Y cuando quiero darme cuenta, estoy haciendo el cruce de los Andes a dedo. El camino es espectacular, con montañas altísimas como centinelas y el cielo azul como un manto infinito. El camino bordea precipicios, zigzaguea constantemente, atraviesa túneles por debajo de los cerros... Llegamos a la frontera, por fin dejo de ser un extranjero (al menos en los papeles). Ya en Mendoza, Pasamos por el famoso "Puente del Inca", y el conductor nos indica ruinas incaicas que se divisan a nuestra izquierda. Acá caigo en la cuenta de que este viaje comprendió prácticamente la totalidad del territorio Inca, desde Quito (Ecuador) hasta Mendoza (Argentina), aunque no alcanzo a figurarme la verdadera magnitud que tuvo ese "imperio" (el entrecomillado va porque la palabra no designa una cosmovisión genuinamente andina, sino europea) que unió más de 5000 kilómetros sin siquiera conocer la rueda, impartiendo una lengua común que aún hoy se mantiene en vigencia y que es de uso cotidiano entre muchísimos pobladores de los Andes.

La extranjería pasa a ser historia: tras atravesar Bolivia, Perú, Ecuador y Chile, vuelvo a pisar territorio nacional. En otro control fronterizo, donde el camionero chileno debe hacer unos trámites, los brasileros conocen a otros colegas que van directo para Brasil, y se despiden de nosotros. Almuerzo unos ñoquis con salsa bolognesa, utilizando otra vez moneda argentina (tenía guardado un billete de $100), y sigo rumbo a Mendoza con el conductor chileno.
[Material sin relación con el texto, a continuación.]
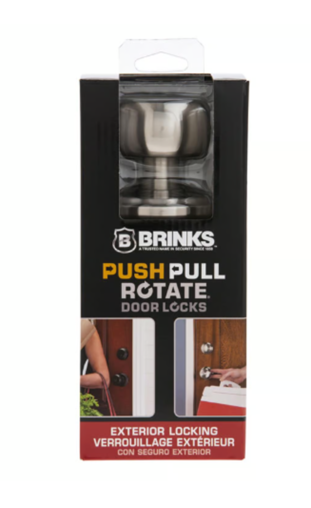 Push Pull Rotate the hands-full door lock from Brinks. The only door lock that opens 3 ways. Push it, pull it, or rotate it. With an elbow, hip or finger you can open the door by simply pushing or pulling on the knob or lever. Despite being so easy to use, these locks are built to achieve the most rigorous residential security standards as you would expect from Brinks. You can rest assured they will keep intruders out and your family and valuables safe. Push Pull Rotate door locks are built on a commercial grade chassis to with stand repeated use and abuse making them perfect for front and back doors and for all interior rooms like bathrooms, laundry rooms, and pantries. Installation is easy and they fit all standard doors. You only need a Phillips screwdriver and a few minutes to dramatically improve the function and appearance of your home. Made with superior craftsmanship, Push Pull Rotate door locks have dual torsion springs for smooth rotation, hidden screws for a more decorative appearance, 75mm diameter roses to hide the blemish from old hardware and removable interior knobs or levers for scratch-free installation. They also come with a lifetime warranty for defects in material or workmanship.
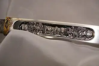 Horimono (彫り物, 彫物, literally carving, engraving), also known as chōkoku (彫刻, "sculpture"), are the engraved images in the blade of a nihonto (日本刀) Japanese sword, which may include katana or tantō blades.[1] The artist is called a chōkokushi (彫刻師), or a horimonoshi (彫物師, "engraver").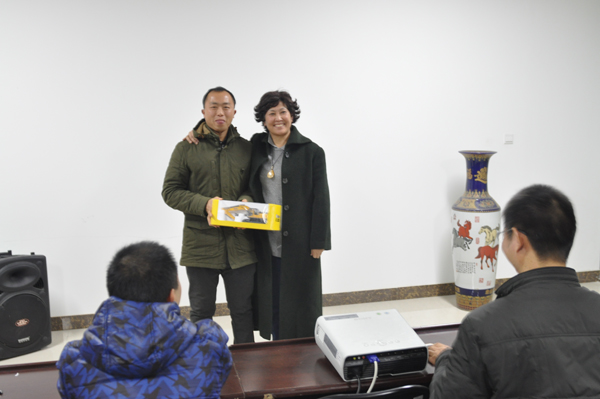 上图为二等奖选手王果向大家展示奖品,锌合金套装一套,希望她以后能有更加出色的表现!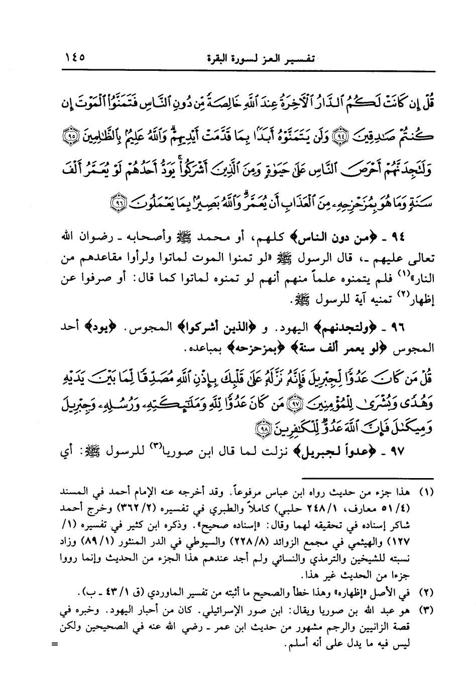 96 - {ولتجدنهم} اليهود. {الَّذِينَ أَشْرَكُواْ} المجوس. {يَوَدُّ} أحد المجوس {لَوْ يعمر ألف سنة} {بمزحزحه} بمباعده.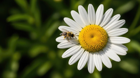 A single daisy with dew drops on its petals, captured in natural light, showcasing the intricate details and freshness of the flower.
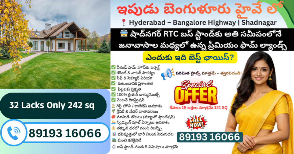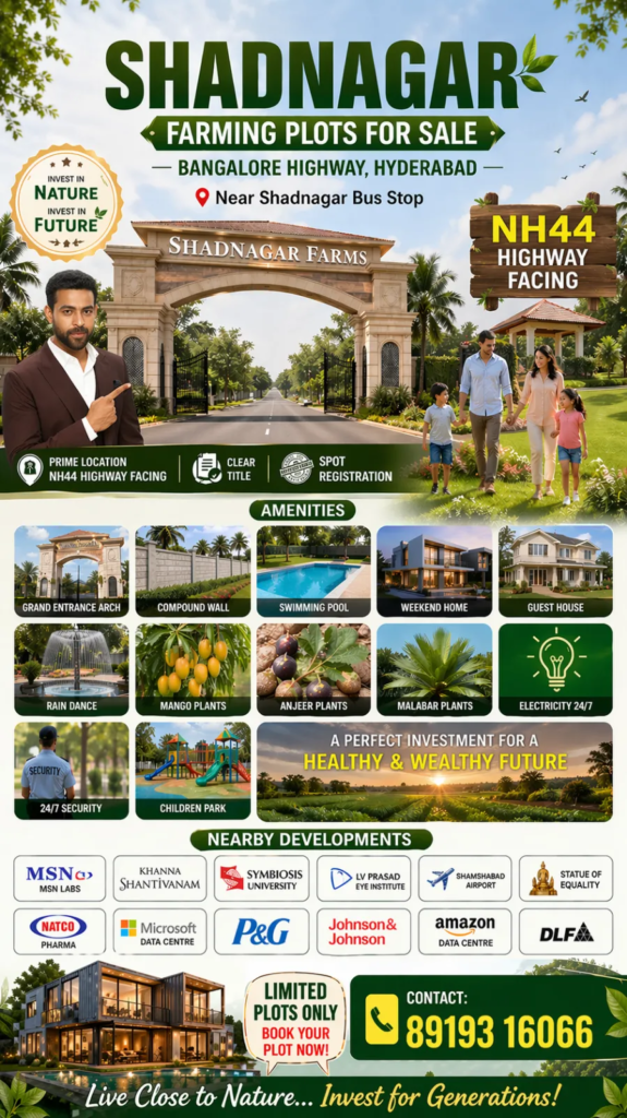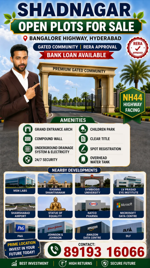 I was searching for HMDA approved plots near Hyderabad, and this project near Shadnagar is perfect. Just 4 KM from town and very peaceful location. I strongly feel this will give me double returns in a few years. β Ramesh K., Hyderabad

El chabón me deja 25 kilómetros antes de la ciudad, en una estación de servicio por donde pasan muchísimos vehículos. El Sol pega fuerte y no hay árboles cerca de la banquina, por lo que cada coche que pasa y me ignora se vuelve un generador de fastidio. Tras un buen rato de falta de suerte, decido descansar a la sombra, y termino con los pocos cereales que me quedan. Sigo desafiando a Fortuna, pensando “qué país de mierda Argentina para hacer dedo”. Una inmensa cantidad de camiones pasa constantemente, pero ninguno me quiere llevar. Los que frenan en la estación de servicio, tampoco. Comienzo a extrañar la hospitalidad extranjera, pero de pronto un autito que sale de la estación de servicio me levanta y me lleva a Mendoza.

Tenía la idea de pasar la tarde en la ciudad y por la noche tomarme un micro a Buenos Aires. Pero llegué a la terminal a las 17, pregunté en la primera agencia que me encontré... y salía uno a las 18. Ya sin ánimos de recorrer, y sin posibilidades de disfrutar (las circunstancias mencionadas en el primer párrafo tenían mi cabeza inamovible en Quilmes), compré el boleto, cambiando el billete de 5000 pesos chilenos que me regalara el muchacho de Santiago (por el cual me dieron $47), y las pocas monedas extranjeras que quedaban de mi capital económico.


Y así culminó este viaje, que comprendió 69 días en el aspecto temporal y 5 países en el plano espacial. La última buena que me deparara el destino: el micro que me correspondía era semi-cama, pero éste se rompió a último momento y la empresa, en un loable gesto, decidió mandar un coche-cama. Así las cosas, pasé mi última noche como nómade durmiendo a 180º, con las comidas que venían incluidas en el pasaje y las películas bizarras de siempre.